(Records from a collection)
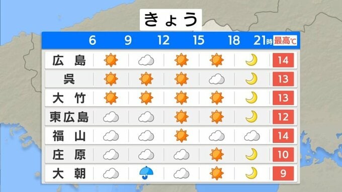 このあとも、寒気の影響を受けて、北部中心に昼前まで雨が降る見込みです。南部では、次第に日差しも届くでしょう。日中の気温は、広島・福山で14℃、呉13℃、庄原10℃の予想です。風が冷たいので、日中も防寒対策をしながらお過ごしください。
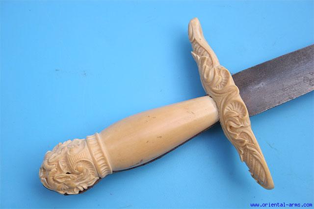 Fine French Carved Ivory Dagger, Dieppe, 1850 -
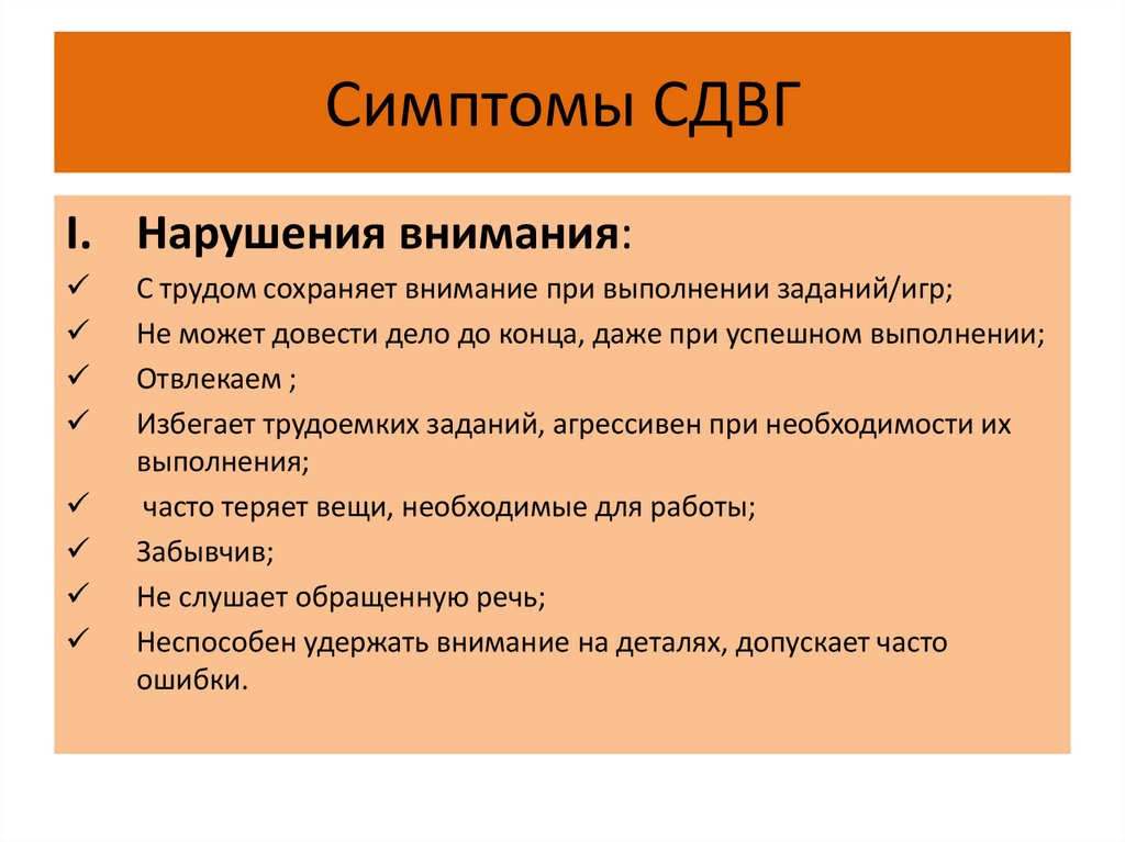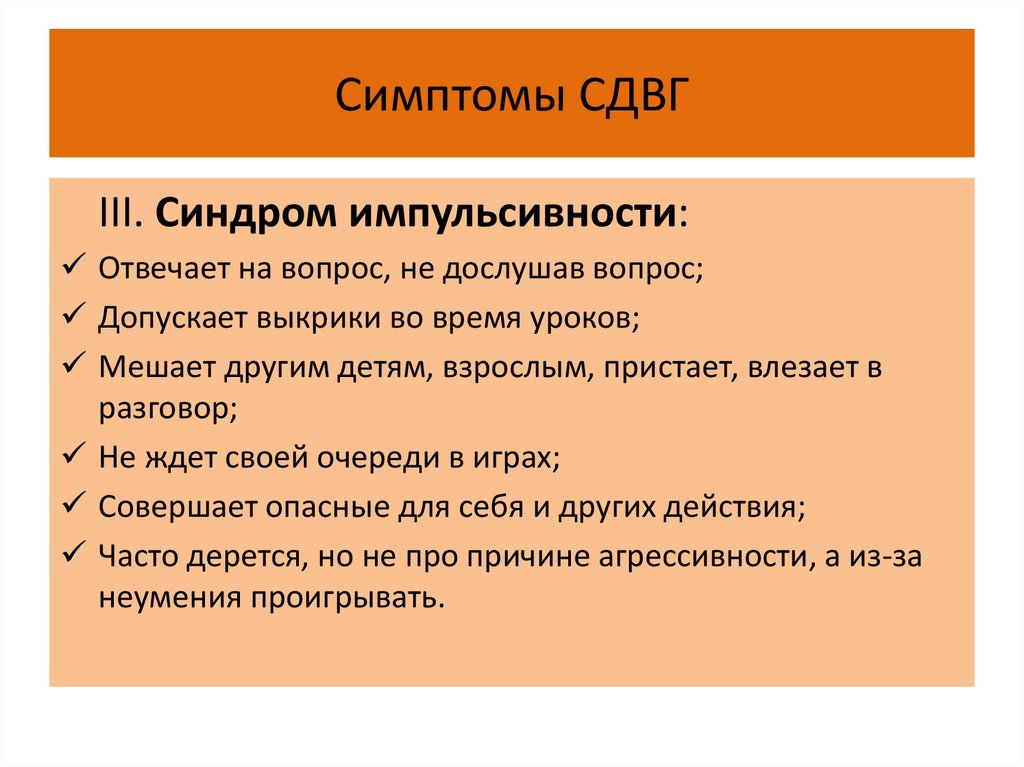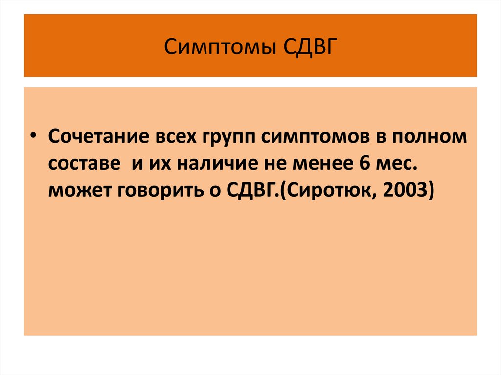 Симптомы СДВГ• Сочетание всех групп симптомов в полном
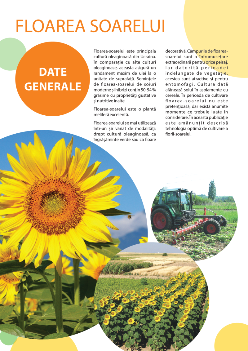 Această publicație descrie aspectele principale de cultivare a florii-soarelui în sistem ecologic, inclusiv caracteristicile generale, alegerea soiurilor, cerinţele faţă de soluri și climă, asigurarea cu substanţe nutritive, semănatul și controlul buruienilor și dăunătorilor, cele mai răspândite boli și recoltarea.
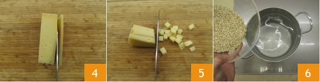 Zuletzt entfernen Sie die Rinde vom Valtellina Casera-Käse 4 und schneiden ihn in Würfel von etwa 1 cm 5. Jetzt gehen Sie an den Herd. In einen Topf mit kochendem Salzwasser geben Sie den Vollkornreis 6,
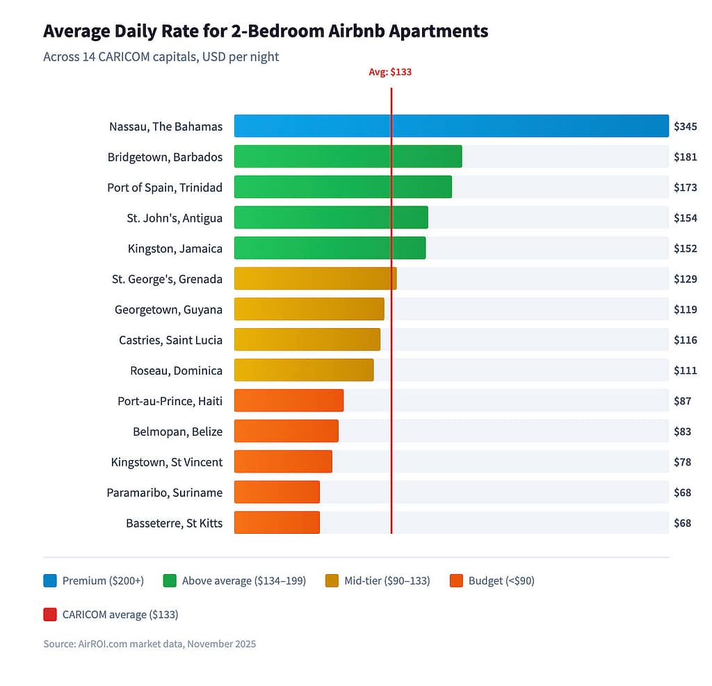 Average daily rates for two-bedroom Airbnb apartments vary significantly across Caribbean capitals, ranging from $345 in Nassau, The Bahamas to $68 in Basseterre, Saint Kitts and Nevis – a significant gap that segments the region into distinct pricing tiers.

◆ THE TASK ◆
Return every line of the data above exactly, and omit all pictures.

◆ TASK SOLUTION ◆
 このあとも、寒気の影響を受けて、北部中心に昼前まで雨が降る見込みです。南部では、次第に日差しも届くでしょう。日中の気温は、広島・福山で14℃、呉13℃、庄原10℃の予想です。風が冷たいので、日中も防寒対策をしながらお過ごしください。
 Fine French Carved Ivory Dagger, Dieppe, 1850 -
 Симптомы СДВГ• Сочетание всех групп симптомов в полном
 Această publicație descrie aspectele principale de cultivare a florii-soarelui în sistem ecologic, inclusiv caracteristicile generale, alegerea soiurilor, cerinţele faţă de soluri și climă, asigurarea cu substanţe nutritive, semănatul și controlul buruienilor și dăunătorilor, cele mai răspândite boli și recoltarea.
 Zuletzt entfernen Sie die Rinde vom Valtellina Casera-Käse 4 und schneiden ihn in Würfel von etwa 1 cm 5. Jetzt gehen Sie an den Herd. In einen Topf mit kochendem Salzwasser geben Sie den Vollkornreis 6,
 Average daily rates for two-bedroom Airbnb apartments vary significantly across Caribbean capitals, ranging from $345 in Nassau, The Bahamas to $68 in Basseterre, Saint Kitts and Nevis – a significant gap that segments the region into distinct pricing tiers.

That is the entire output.